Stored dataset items
·····
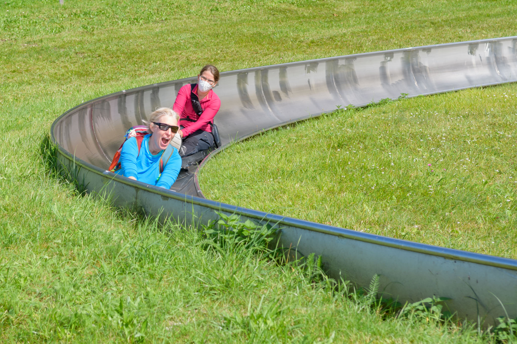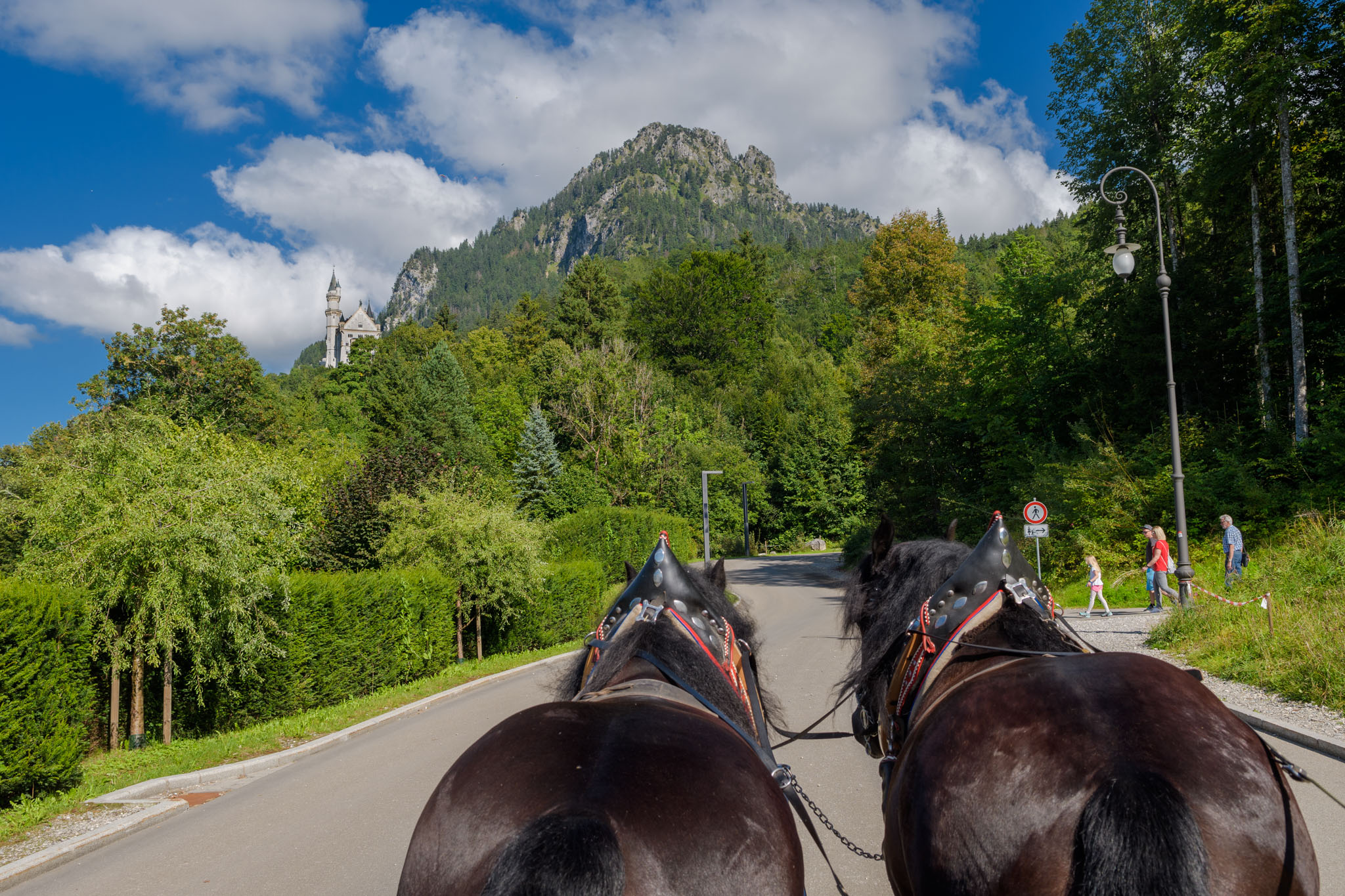 Am Mittwoch sind wir dann bei schönstem Sommerwetter zunächst um den Alpsee gewandert. Anschließend haben wir die Sommerrodelbahn an der Tegelbergbahn bei Schwangau ausprobiert und am späten Nachmittag stand noch der Besuch mit Führung im Schloss Neuschwanstein an. Im Online-Buchungsportal waren alle Führungen bis Mitte September komplett ausgebucht, aber über unser Hotel haben wir doch noch Eintrittskarten bekommen. Wegen Corona können derzeit an jeder Führung nur zehn Personen teilnehmen (sonst sind es wohl 50). Die breite Masse der internationalen Touristen fehlte pandemiebedingt, so dass zwar schon etliche Touristen vor Ort waren, jedoch bei Weitem nicht die Menschenmassen und riesigen Schlangen, die man von Bildern vor Corona kennt. Im Schloss selbst ist das Fotografieren verboten, so dass es nur Fotos von der Fahrt mit der Pferdekutsche hoch zum Schloss und dann oben von der Aussicht und dem Innenhof gibt.
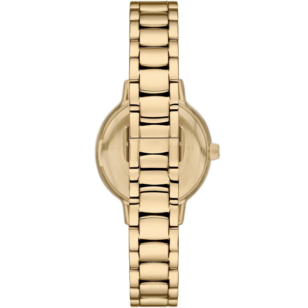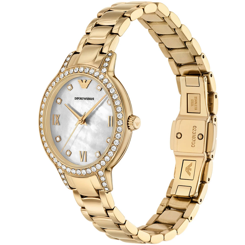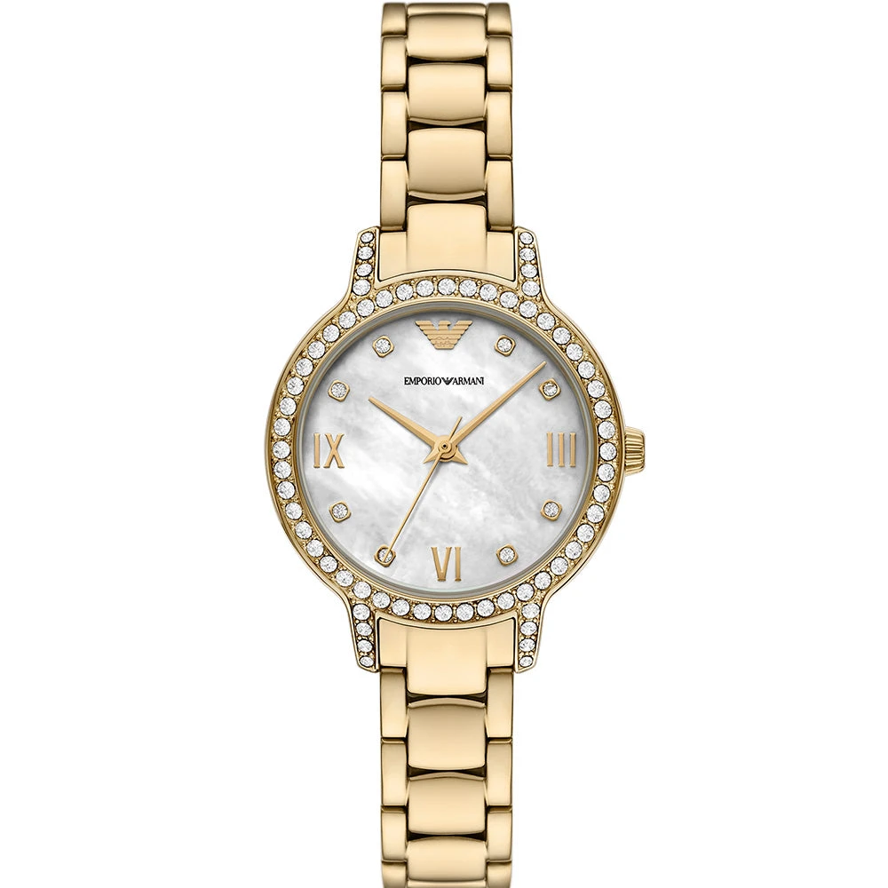 The Emporio Armani Cleo AR11652 is a refined and feminine timepiece that radiates elegance. Featuring a 32mm gold-tone stainless steel case with a crystal-set bezel, it frames a lustrous white mother-of-pearl dial for a luxurious touch. Paired with a matching gold bracelet, this watch is the perfect blend of timeless beauty and modern sophistication.
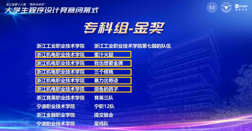 The programming competition is known as the "Programming Olympics", and it is one of the most difficult, influential, and gold-rich competitions in the major computer majors. Affected by the epidemic, the offline games originally scheduled to be held at Hangzhou Normal University were transferred to online games. This competition attracted more than 400 teams from more than 70 colleges and universities across the province. Among them, there are a total of 136 teams from 31 colleges and vocational schools, and traditional ACM schools in the province have sent the strongest teams to participate. The gold award is set at 8% of all participating teams, and the silver award is 15%. The competition is very fierce. After 5 hours of hard work, 8 teams from our school demonstrated good teamwork spirit and programming skills, all of which won silver medals and above. There are 5 golds out of the 11 gold medals of the specialist team, and the remaining three teams won silver medals. Among them, two teams from our school have entered the top 100 of the 400 teams in all the undergraduate and specialty groups, fully demonstrating the strength and style of the program design team of Zhejiang Institute of Mechanical & Electrical Engineering!
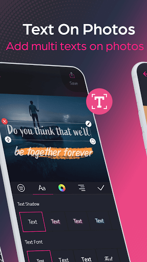 • Y Można konwertować inspirujące pomysły i słowa do wibrujących zdjęć z tekstem na fotografii w edytorze Photo Edytora Pro z zestawem czcionek arabskich i angielskich obsługiwanych przez wiele opcji dostosowywania, takich jak kontrolowanie rozmiaru tekstu, a także dodawanie cienia tekstu i dodawania Efekty tekstowe.
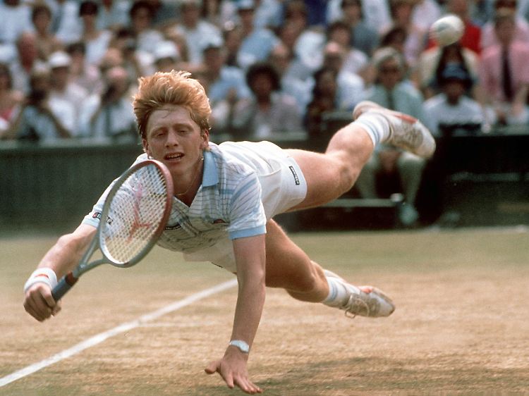 Das war noch Einsatz. Wenn noch ein Stück zum Ball fehlte, setzte der junge Becker schonmal zu seinem legendären "Becker-Hecht" an.
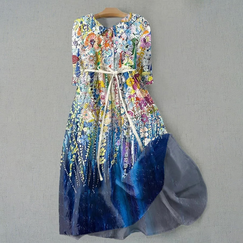 Dashingsoul Women's Literary Pastoral Wildflower Art Print Tie Loose Dress
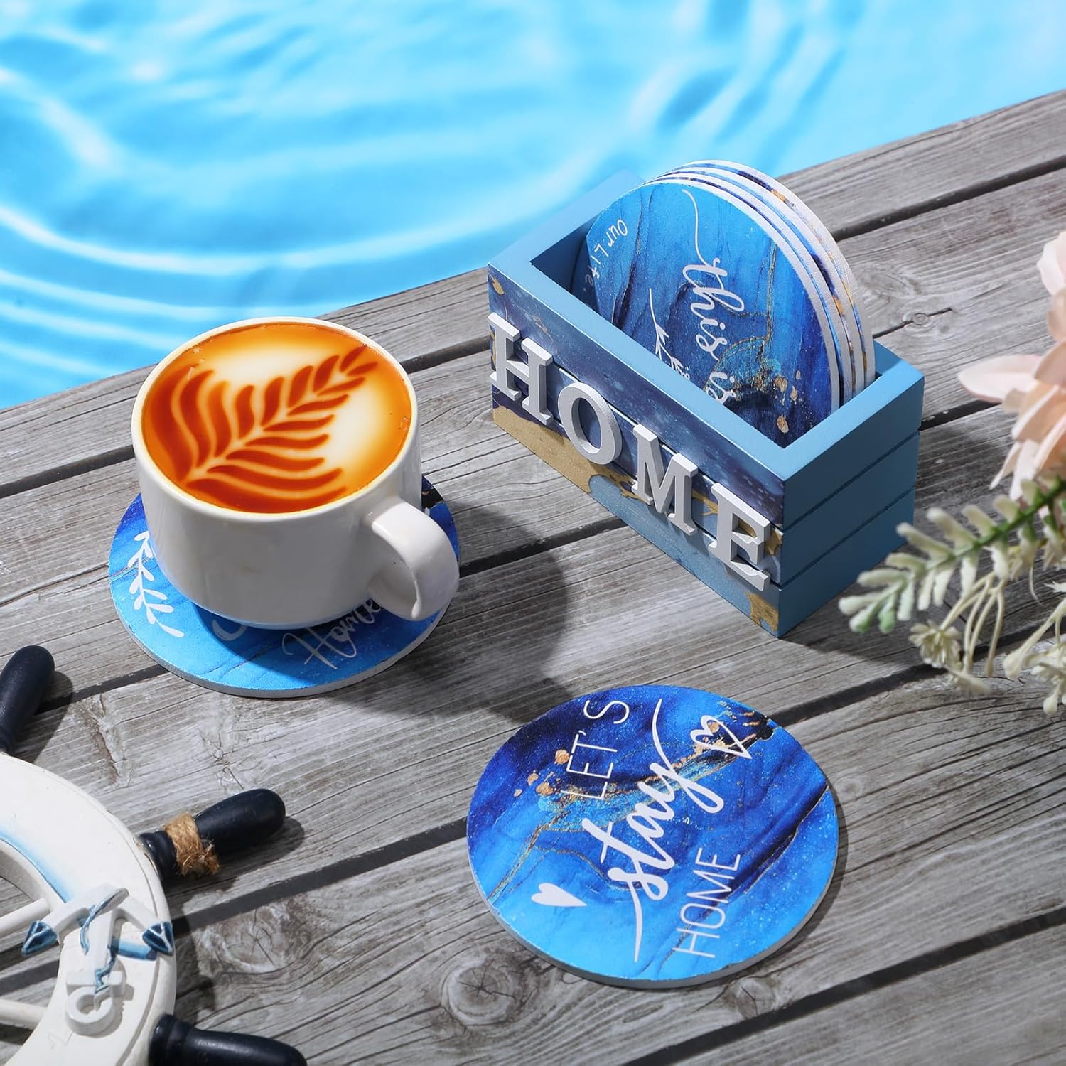 Queekay Housewarming Gifts for Home Decoration Wooden Heart Coasters for Drinks 6 Set Farmhouse Coasters with Holder Funny for Family Coffee Table Protection, 4''(Gilded Blue)
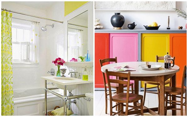 weddwellgrow pinterest[pops of neon in the bathroom + bright kitchen cabinets]
·····
- **Requirement**: In the copy, omit the pictures and give every line of the data exactly.

- **Your response**:
 Am Mittwoch sind wir dann bei schönstem Sommerwetter zunächst um den Alpsee gewandert. Anschließend haben wir die Sommerrodelbahn an der Tegelbergbahn bei Schwangau ausprobiert und am späten Nachmittag stand noch der Besuch mit Führung im Schloss Neuschwanstein an. Im Online-Buchungsportal waren alle Führungen bis Mitte September komplett ausgebucht, aber über unser Hotel haben wir doch noch Eintrittskarten bekommen. Wegen Corona können derzeit an jeder Führung nur zehn Personen teilnehmen (sonst sind es wohl 50). Die breite Masse der internationalen Touristen fehlte pandemiebedingt, so dass zwar schon etliche Touristen vor Ort waren, jedoch bei Weitem nicht die Menschenmassen und riesigen Schlangen, die man von Bildern vor Corona kennt. Im Schloss selbst ist das Fotografieren verboten, so dass es nur Fotos von der Fahrt mit der Pferdekutsche hoch zum Schloss und dann oben von der Aussicht und dem Innenhof gibt.
 The Emporio Armani Cleo AR11652 is a refined and feminine timepiece that radiates elegance. Featuring a 32mm gold-tone stainless steel case with a crystal-set bezel, it frames a lustrous white mother-of-pearl dial for a luxurious touch. Paired with a matching gold bracelet, this watch is the perfect blend of timeless beauty and modern sophistication.
 The programming competition is known as the "Programming Olympics", and it is one of the most difficult, influential, and gold-rich competitions in the major computer majors. Affected by the epidemic, the offline games originally scheduled to be held at Hangzhou Normal University were transferred to online games. This competition attracted more than 400 teams from more than 70 colleges and universities across the province. Among them, there are a total of 136 teams from 31 colleges and vocational schools, and traditional ACM schools in the province have sent the strongest teams to participate. The gold award is set at 8% of all participating teams, and the silver award is 15%. The competition is very fierce. After 5 hours of hard work, 8 teams from our school demonstrated good teamwork spirit and programming skills, all of which won silver medals and above. There are 5 golds out of the 11 gold medals of the specialist team, and the remaining three teams won silver medals. Among them, two teams from our school have entered the top 100 of the 400 teams in all the undergraduate and specialty groups, fully demonstrating the strength and style of the program design team of Zhejiang Institute of Mechanical & Electrical Engineering!
 • Y Można konwertować inspirujące pomysły i słowa do wibrujących zdjęć z tekstem na fotografii w edytorze Photo Edytora Pro z zestawem czcionek arabskich i angielskich obsługiwanych przez wiele opcji dostosowywania, takich jak kontrolowanie rozmiaru tekstu, a także dodawanie cienia tekstu i dodawania Efekty tekstowe.
 Das war noch Einsatz. Wenn noch ein Stück zum Ball fehlte, setzte der junge Becker schonmal zu seinem legendären "Becker-Hecht" an.
 Dashingsoul Women's Literary Pastoral Wildflower Art Print Tie Loose Dress
 Queekay Housewarming Gifts for Home Decoration Wooden Heart Coasters for Drinks 6 Set Farmhouse Coasters with Holder Funny for Family Coffee Table Protection, 4''(Gilded Blue)
 weddwellgrow pinterest[pops of neon in the bathroom + bright kitchen cabinets]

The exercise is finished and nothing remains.